§ ABOUT THIS TASK
Find the string "with" in the entries and copy each line that has it.

§ DATA TO EXAMINE
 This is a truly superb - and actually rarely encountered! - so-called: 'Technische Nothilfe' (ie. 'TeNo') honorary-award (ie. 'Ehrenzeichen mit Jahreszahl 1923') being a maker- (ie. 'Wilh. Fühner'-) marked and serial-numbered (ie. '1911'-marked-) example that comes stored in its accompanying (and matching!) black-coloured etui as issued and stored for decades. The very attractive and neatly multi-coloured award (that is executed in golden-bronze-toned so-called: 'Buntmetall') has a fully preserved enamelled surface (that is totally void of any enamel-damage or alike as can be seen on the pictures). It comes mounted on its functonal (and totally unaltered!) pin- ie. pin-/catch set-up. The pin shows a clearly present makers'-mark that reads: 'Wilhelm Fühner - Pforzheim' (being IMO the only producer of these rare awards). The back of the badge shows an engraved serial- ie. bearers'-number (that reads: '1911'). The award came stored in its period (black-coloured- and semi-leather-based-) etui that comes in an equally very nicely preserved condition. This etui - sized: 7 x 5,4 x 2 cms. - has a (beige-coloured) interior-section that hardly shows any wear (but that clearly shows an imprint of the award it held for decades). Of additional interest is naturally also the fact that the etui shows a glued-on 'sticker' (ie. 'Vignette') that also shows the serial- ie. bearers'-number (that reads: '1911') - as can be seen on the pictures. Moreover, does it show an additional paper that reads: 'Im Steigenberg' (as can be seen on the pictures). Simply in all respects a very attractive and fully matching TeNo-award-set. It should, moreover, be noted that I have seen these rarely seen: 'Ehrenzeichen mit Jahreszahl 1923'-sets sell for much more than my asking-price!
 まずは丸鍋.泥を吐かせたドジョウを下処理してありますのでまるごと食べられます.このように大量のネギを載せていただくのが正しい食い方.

--

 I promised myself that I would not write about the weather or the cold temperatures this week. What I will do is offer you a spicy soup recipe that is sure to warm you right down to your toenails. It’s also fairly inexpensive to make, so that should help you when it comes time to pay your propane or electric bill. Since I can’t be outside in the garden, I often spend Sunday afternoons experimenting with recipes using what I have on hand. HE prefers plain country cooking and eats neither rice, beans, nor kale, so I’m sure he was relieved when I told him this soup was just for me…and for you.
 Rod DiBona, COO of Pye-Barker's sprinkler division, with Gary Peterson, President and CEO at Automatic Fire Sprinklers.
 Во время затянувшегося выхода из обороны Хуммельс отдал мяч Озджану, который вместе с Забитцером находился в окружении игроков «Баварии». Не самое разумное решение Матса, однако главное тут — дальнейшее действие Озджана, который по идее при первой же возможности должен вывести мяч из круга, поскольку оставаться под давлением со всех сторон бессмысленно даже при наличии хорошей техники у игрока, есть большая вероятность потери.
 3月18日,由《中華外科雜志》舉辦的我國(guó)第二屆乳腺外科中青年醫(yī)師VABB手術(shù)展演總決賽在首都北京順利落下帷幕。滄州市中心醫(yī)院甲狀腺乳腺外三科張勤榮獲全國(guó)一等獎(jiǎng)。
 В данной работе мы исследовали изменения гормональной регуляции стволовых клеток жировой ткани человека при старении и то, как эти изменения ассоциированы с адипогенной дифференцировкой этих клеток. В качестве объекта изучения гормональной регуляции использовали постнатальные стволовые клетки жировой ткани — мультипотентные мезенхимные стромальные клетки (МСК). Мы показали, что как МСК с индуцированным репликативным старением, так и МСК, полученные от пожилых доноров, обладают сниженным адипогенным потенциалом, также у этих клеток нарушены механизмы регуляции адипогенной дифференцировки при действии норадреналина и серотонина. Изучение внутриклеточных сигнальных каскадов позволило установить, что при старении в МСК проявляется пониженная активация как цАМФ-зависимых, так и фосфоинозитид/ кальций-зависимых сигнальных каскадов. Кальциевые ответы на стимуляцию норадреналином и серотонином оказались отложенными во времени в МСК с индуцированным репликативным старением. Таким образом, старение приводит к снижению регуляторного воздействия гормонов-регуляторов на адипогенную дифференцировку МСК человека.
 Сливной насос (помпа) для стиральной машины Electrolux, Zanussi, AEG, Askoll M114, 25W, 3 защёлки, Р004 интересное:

---

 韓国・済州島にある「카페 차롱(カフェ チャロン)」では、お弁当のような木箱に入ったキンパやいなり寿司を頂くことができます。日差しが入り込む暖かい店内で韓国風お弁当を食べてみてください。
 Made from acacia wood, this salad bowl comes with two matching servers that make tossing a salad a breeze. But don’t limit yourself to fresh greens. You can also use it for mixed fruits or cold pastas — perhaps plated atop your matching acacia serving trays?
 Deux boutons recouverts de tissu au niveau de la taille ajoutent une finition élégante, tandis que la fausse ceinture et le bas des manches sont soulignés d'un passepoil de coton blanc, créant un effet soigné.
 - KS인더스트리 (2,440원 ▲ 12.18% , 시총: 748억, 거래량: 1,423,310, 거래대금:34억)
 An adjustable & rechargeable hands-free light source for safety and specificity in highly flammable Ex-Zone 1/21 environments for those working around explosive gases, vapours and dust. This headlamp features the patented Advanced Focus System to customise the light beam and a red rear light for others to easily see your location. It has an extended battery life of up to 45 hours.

§ PROBLEM SOLUTION
 I promised myself that I would not write about the weather or the cold temperatures this week. What I will do is offer you a spicy soup recipe that is sure to warm you right down to your toenails. It’s also fairly inexpensive to make, so that should help you when it comes time to pay your propane or electric bill. Since I can’t be outside in the garden, I often spend Sunday afternoons experimenting with recipes using what I have on hand. HE prefers plain country cooking and eats neither rice, beans, nor kale, so I’m sure he was relieved when I told him this soup was just for me…and for you.
 Rod DiBona, COO of Pye-Barker's sprinkler division, with Gary Peterson, President and CEO at Automatic Fire Sprinklers.
 Made from acacia wood, this salad bowl comes with two matching servers that make tossing a salad a breeze. But don’t limit yourself to fresh greens. You can also use it for mixed fruits or cold pastas — perhaps plated atop your matching acacia serving trays?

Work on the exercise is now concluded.